:: Extracted data ::
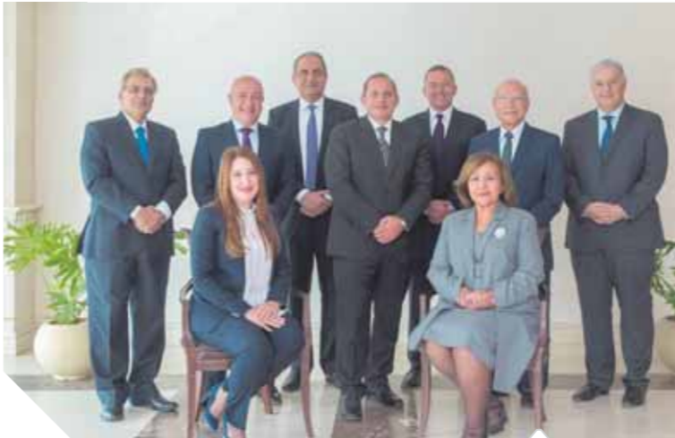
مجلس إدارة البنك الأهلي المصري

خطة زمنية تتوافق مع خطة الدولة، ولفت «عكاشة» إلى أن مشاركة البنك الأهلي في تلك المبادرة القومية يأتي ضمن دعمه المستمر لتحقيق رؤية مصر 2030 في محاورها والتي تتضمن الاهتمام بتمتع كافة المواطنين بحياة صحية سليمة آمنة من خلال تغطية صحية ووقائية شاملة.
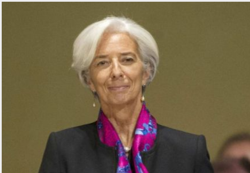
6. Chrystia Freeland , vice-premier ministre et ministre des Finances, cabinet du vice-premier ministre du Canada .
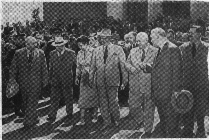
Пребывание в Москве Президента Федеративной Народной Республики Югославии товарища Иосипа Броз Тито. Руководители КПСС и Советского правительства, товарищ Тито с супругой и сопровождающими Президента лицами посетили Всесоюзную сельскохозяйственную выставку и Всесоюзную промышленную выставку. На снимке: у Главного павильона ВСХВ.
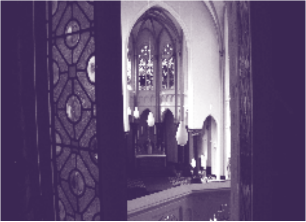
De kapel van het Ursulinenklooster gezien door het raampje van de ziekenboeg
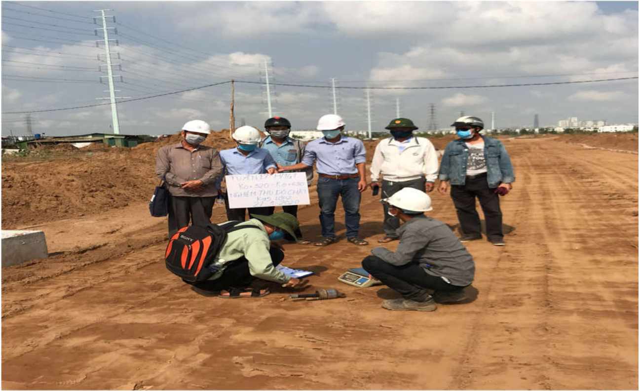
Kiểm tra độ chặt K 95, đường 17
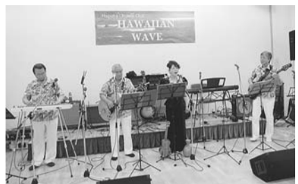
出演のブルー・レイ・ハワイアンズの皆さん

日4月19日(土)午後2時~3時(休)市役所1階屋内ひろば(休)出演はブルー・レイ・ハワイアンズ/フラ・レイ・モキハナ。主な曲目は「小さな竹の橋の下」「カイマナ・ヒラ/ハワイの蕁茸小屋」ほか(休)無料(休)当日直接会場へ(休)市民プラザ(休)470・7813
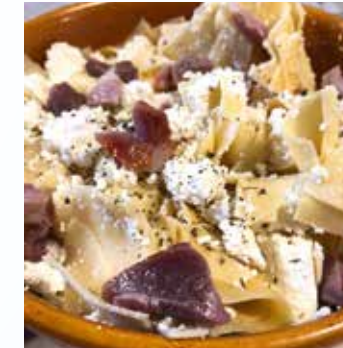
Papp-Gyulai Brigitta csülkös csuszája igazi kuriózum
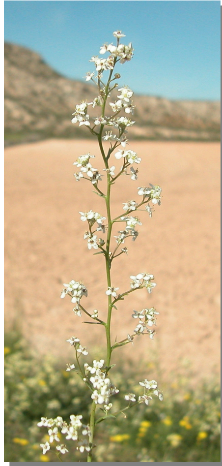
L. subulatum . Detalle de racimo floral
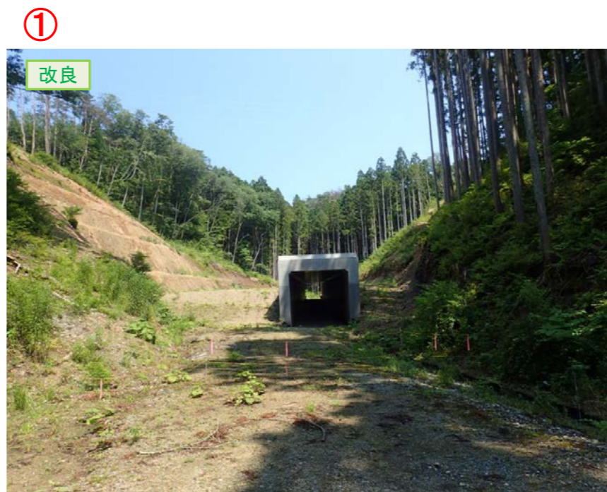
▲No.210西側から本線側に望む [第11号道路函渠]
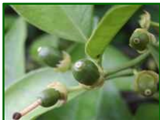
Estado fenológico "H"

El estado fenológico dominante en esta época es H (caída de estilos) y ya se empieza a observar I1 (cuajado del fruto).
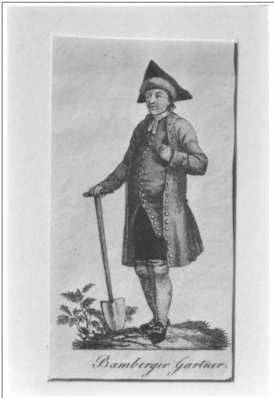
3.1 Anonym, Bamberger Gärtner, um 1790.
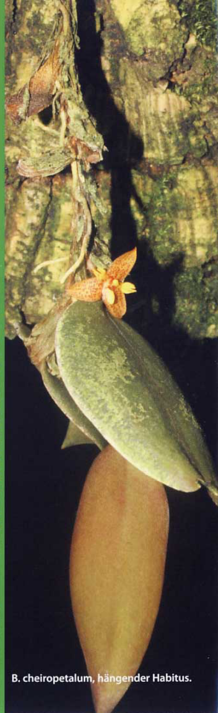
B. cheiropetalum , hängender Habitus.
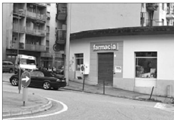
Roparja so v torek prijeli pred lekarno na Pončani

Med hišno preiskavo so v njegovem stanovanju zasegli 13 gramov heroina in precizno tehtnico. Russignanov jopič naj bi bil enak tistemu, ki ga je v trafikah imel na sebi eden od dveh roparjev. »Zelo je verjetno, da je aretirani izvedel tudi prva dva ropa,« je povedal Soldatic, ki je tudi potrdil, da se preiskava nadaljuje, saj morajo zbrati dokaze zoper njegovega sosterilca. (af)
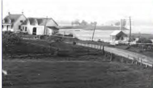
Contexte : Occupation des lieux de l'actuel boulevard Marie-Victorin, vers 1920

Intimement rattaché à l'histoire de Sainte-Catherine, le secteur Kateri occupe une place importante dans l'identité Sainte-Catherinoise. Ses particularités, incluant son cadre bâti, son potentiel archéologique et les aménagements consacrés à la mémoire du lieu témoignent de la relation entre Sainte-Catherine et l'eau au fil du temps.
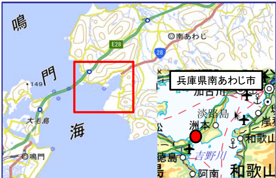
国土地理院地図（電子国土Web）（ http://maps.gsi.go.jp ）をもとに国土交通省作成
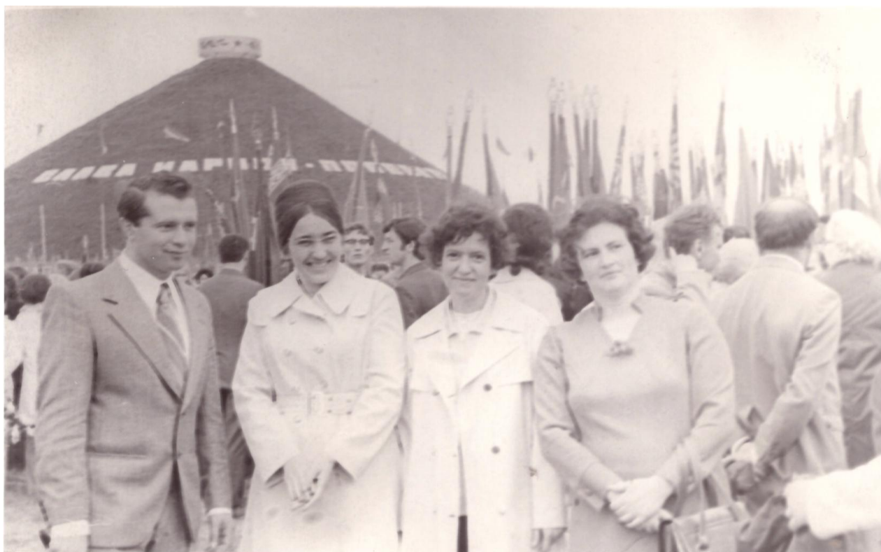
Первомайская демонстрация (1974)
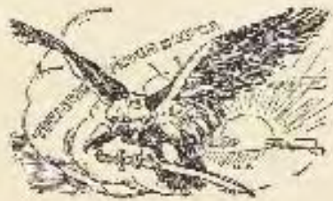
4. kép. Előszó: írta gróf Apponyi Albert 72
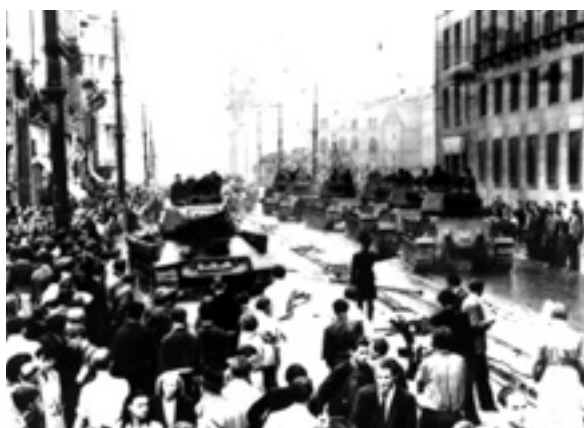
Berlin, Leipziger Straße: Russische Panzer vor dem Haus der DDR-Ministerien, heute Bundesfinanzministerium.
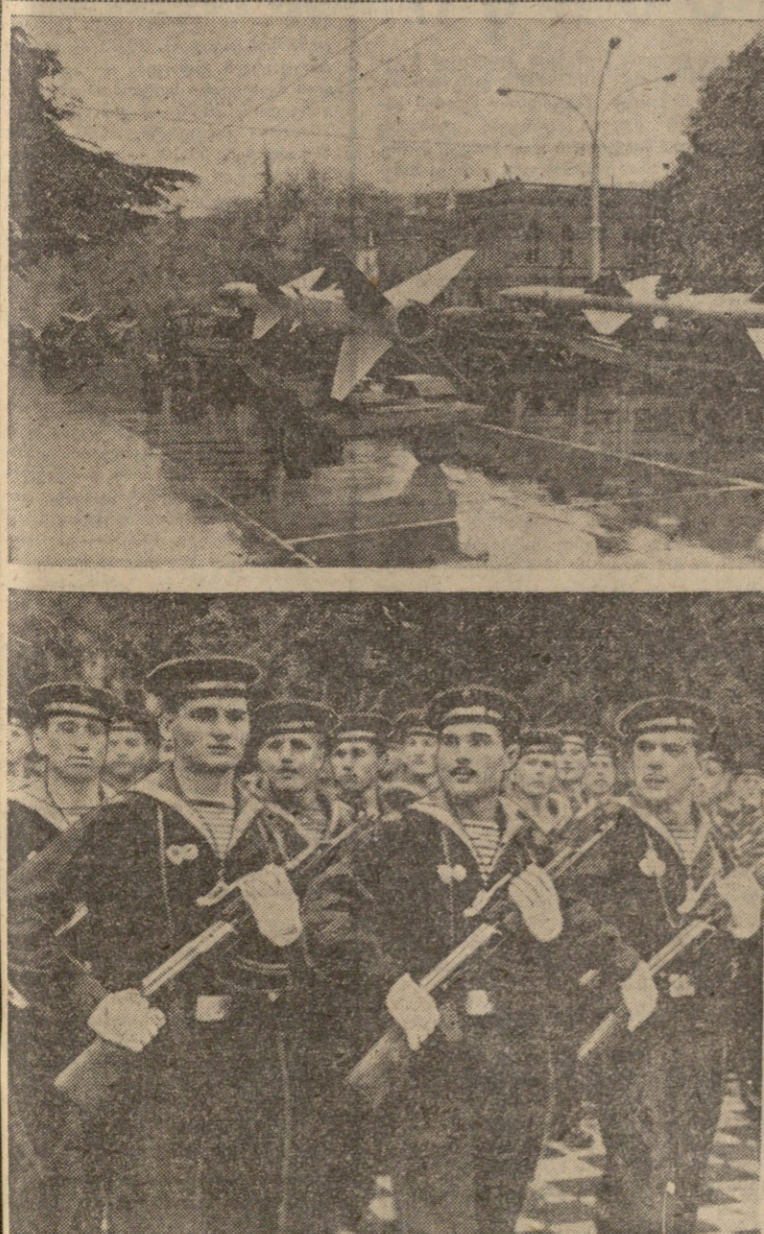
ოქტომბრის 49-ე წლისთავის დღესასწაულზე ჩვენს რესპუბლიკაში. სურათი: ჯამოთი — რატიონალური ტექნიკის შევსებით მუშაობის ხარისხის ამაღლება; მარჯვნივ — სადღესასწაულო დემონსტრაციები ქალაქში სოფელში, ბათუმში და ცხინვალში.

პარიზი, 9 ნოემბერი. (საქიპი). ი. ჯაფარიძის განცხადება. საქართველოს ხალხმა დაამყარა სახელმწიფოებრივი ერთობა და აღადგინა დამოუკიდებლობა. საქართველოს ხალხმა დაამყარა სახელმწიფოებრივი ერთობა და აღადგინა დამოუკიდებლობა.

:: Work request ::
Pull every line containing "fenológico" out of the data above.

:: Written solution ::
Estado fenológico "H"
El estado fenológico dominante en esta época es H (caída de estilos) y ya se empieza a observar I1 (cuajado del fruto).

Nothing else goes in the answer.